Hi community!,
I'm annotating variants with the VEP software and I'm finding some unexpected transcript data of the type:
- NM_014938.4_dupl16
- NM_001170637.2_dupl3
1 206516261 . C T 47 PASS CSQ=T|non_coding_transcript_exon_variant|MODIFIER|SRGAP2|23380|Transcript|NM_001170637.2_dupl3|mRNA|1/20||NM_001170637.2_dupl3.1:n.65C>T||65|||||||1||SNV|EntrezGene|||||||||||C|C||||||||||||||||||||||||||||||||||||||||||||||||||||||||||1:206516261-206516261|0.4996565||||,
T|missense_variant|MODERATE|SRGAP2|23380|Transcript|NM_001170637.3|protein_coding|1/20||NM_001170637.3:c.65C>T|NP_001164108.1:p.Arg289Trp|864|865|289|R/W|Cgg/Tgg|||1||SNV|EntrezGene||||||NP_001164108.1|||||C|C|OK|||||||||||||||||||||||||||||||||||0.63580||||T|T||||||||||2|||||||1:206516261-206516261|0.4996565||||,
T|missense_variant|MODERATE|SRGAP2|23380|Transcript|NM_001300952.1|protein_coding|1/18||NM_001300952.1:c.65C>T|NP_001287881.1:p.Arg289Trp|864|865|289|R/W|Cgg/Tgg|||1||SNV|EntrezGene||||||NP_001287881.1|||||C|C|OK|||||||||||||||||||||||||||||||||||0.63580||||T|T||||||||||2|||||||1:206516261-206516261|0.4996565||||,
T|non_coding_transcript_exon_variant|MODIFIER|SRGAP2|23380|Transcript|NM_015326.3_dupl3|mRNA|1/20||NM_015326.3_dupl3.1:n.65C>T||65|||||||1||SNV|EntrezGene||YES|||||||||C|C||||||||||||||||||||||||||||||||||||||||||||||||||||||||||1:206516261-206516261|0.4996565||||,
T|missense_variant|MODERATE|SRGAP2|23380|Transcript|NM_015326.4|protein_coding|1/20||NM_015326.4:c.65C>T|NP_056141.2:p.Arg289Trp|864|865|289|R/W|Cgg/Tgg|||1||SNV|EntrezGene||YES||||NP_056141.2|||||C|C|OK|||||||||||||||||||||||||||||||||||0.63580||||T|T||||||||||2|||||||1:206516261-206516261|0.4996565|||| GT:DP:VD:AD:AF:RD:ALD 0/1:9:3:6,3:0.3333:6,0:3,0
Searching on the VEP webpage or in the internet I can't find any reference to this kind of "dupl" suffix.

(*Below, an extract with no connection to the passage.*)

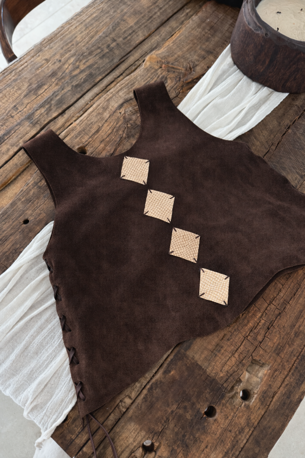 Pechera musculosa de cuero gamuzado, con diseño de rombos en cuero croco en torso y costuras artesanales.

Has anyone faced this? I don't know if they are alternatives of the transcript or explain why they are not transcripts on its own.
Thanks in advance!
Cristian.
Edit: Added example of variant with the vep annotation of dup (NM_015326.3_dupl3)
Edit2: Using VEP ensembl version 91.1 with cache v91
could you post the variants (VCF records) that cause this annotation?
Also, which column of your VEP output are you finding this notation in?
Hi Emily, it's the parameter that references the transcript, the "Feature" column (I'm actually outputting in a VCF format).
Thanks, will try to trace.
Are you using GRCh37?
Yes, version 91 of GRCh37
I think NM_015326.3_dupl3.1 and other entries mentioned in OP are feature (transcript) names in that build. Variation reporter for NC_000001.10:g.206516261C>T for GRCh37.p13 (AR-105, dbSNP v 149): doesn' list coding variant at position 65, instead at 322 (NM_015326.4:c.322C>T) and has only one annotation instead of 2, which is mentioned above.
I supposed that is something like that. What intrigues us is why name it like a "duplXX". We thought that they may be duplicates from another transcripts or reference transcripts with duplicate exons, but watching that "dupl16" was really strange.